# Task:
Go through the listing below and write out exactly the lines from the one that mentions "Начиная от населенного" through the one that mentions "through the app.", minus the pictures.
-------
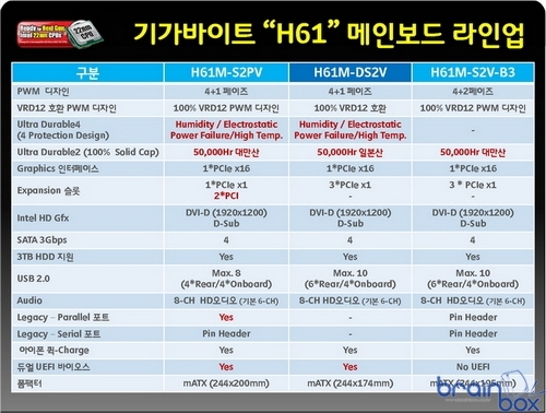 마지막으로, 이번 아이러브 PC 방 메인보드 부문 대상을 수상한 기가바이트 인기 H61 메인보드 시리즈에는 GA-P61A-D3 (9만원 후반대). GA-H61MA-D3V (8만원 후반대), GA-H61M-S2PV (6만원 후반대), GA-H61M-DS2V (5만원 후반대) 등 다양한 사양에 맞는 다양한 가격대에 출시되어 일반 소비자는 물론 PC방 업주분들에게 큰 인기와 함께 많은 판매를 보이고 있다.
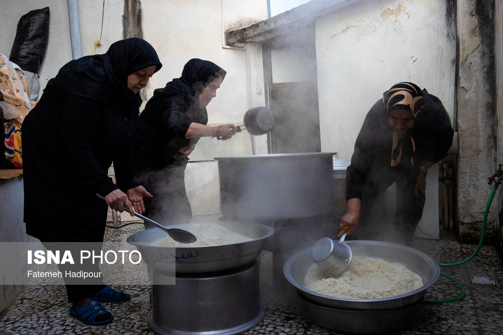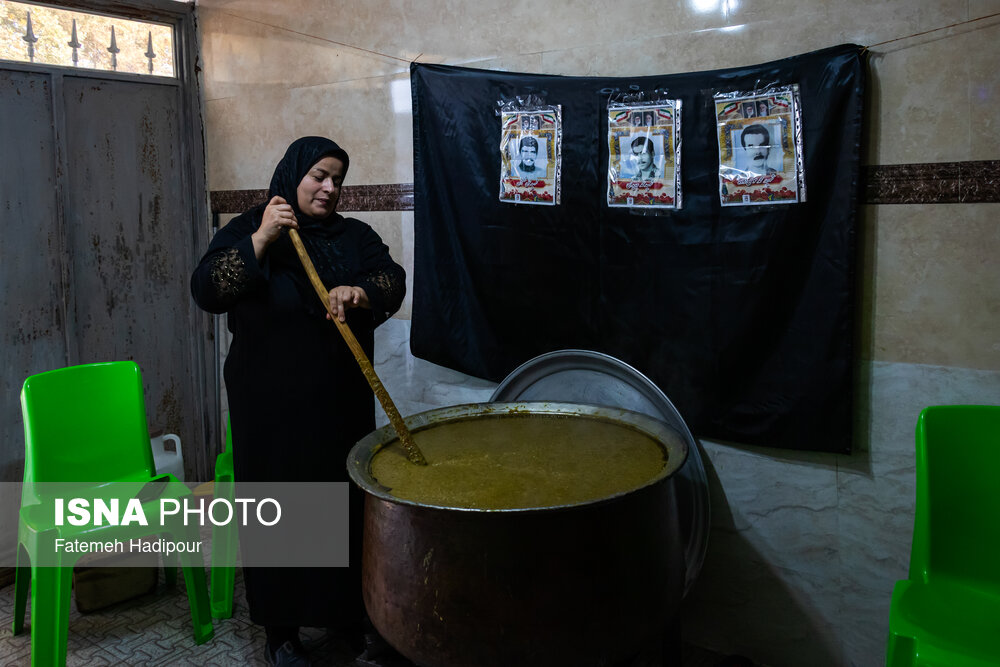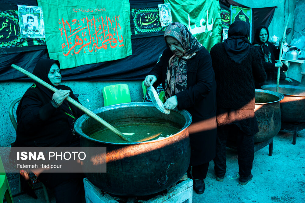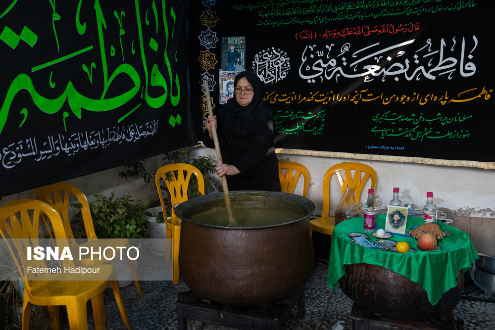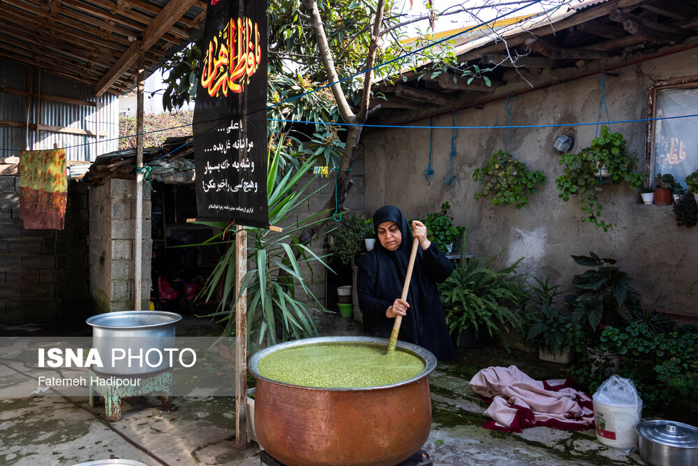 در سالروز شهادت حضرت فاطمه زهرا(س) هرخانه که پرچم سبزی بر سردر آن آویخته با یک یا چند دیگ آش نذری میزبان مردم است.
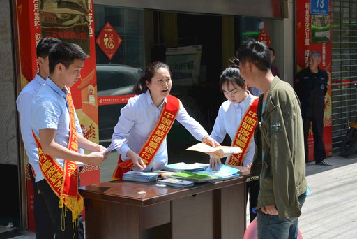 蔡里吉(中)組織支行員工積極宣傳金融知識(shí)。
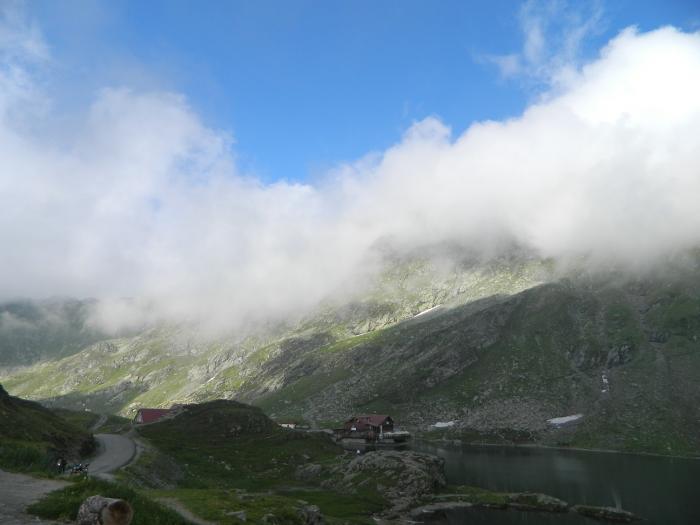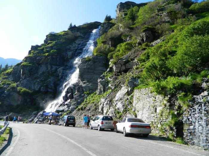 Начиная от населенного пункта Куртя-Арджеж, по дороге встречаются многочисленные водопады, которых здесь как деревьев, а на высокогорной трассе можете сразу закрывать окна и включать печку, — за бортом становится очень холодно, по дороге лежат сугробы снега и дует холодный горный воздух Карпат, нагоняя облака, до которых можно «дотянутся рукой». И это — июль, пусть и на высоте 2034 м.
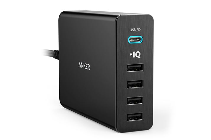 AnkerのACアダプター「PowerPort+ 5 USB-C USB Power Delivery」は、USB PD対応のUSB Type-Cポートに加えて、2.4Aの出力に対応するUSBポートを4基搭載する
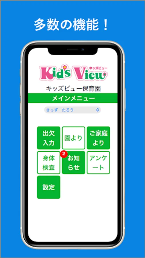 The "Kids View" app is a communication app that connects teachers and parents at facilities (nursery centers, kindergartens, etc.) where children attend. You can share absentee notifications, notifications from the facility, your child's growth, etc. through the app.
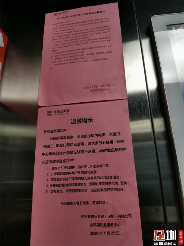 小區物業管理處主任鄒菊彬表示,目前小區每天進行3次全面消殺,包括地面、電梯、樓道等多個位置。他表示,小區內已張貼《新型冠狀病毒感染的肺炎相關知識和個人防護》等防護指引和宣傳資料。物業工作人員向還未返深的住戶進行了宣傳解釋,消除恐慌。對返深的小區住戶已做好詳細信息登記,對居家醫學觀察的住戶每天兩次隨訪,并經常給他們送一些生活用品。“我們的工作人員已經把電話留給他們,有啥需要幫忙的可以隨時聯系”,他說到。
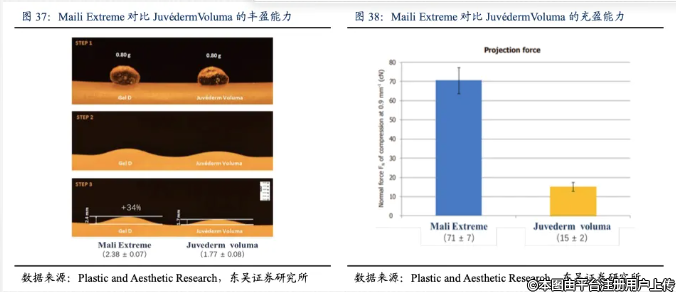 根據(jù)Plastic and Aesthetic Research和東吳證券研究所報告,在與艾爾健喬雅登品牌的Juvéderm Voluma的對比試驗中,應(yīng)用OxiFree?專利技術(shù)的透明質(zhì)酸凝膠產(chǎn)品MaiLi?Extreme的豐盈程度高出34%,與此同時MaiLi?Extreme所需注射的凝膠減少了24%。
-------
# Response area:
 Начиная от населенного пункта Куртя-Арджеж, по дороге встречаются многочисленные водопады, которых здесь как деревьев, а на высокогорной трассе можете сразу закрывать окна и включать печку, — за бортом становится очень холодно, по дороге лежат сугробы снега и дует холодный горный воздух Карпат, нагоняя облака, до которых можно «дотянутся рукой». И это — июль, пусть и на высоте 2034 м.
 AnkerのACアダプター「PowerPort+ 5 USB-C USB Power Delivery」は、USB PD対応のUSB Type-Cポートに加えて、2.4Aの出力に対応するUSBポートを4基搭載する
 The "Kids View" app is a communication app that connects teachers and parents at facilities (nursery centers, kindergartens, etc.) where children attend. You can share absentee notifications, notifications from the facility, your child's growth, etc. through the app.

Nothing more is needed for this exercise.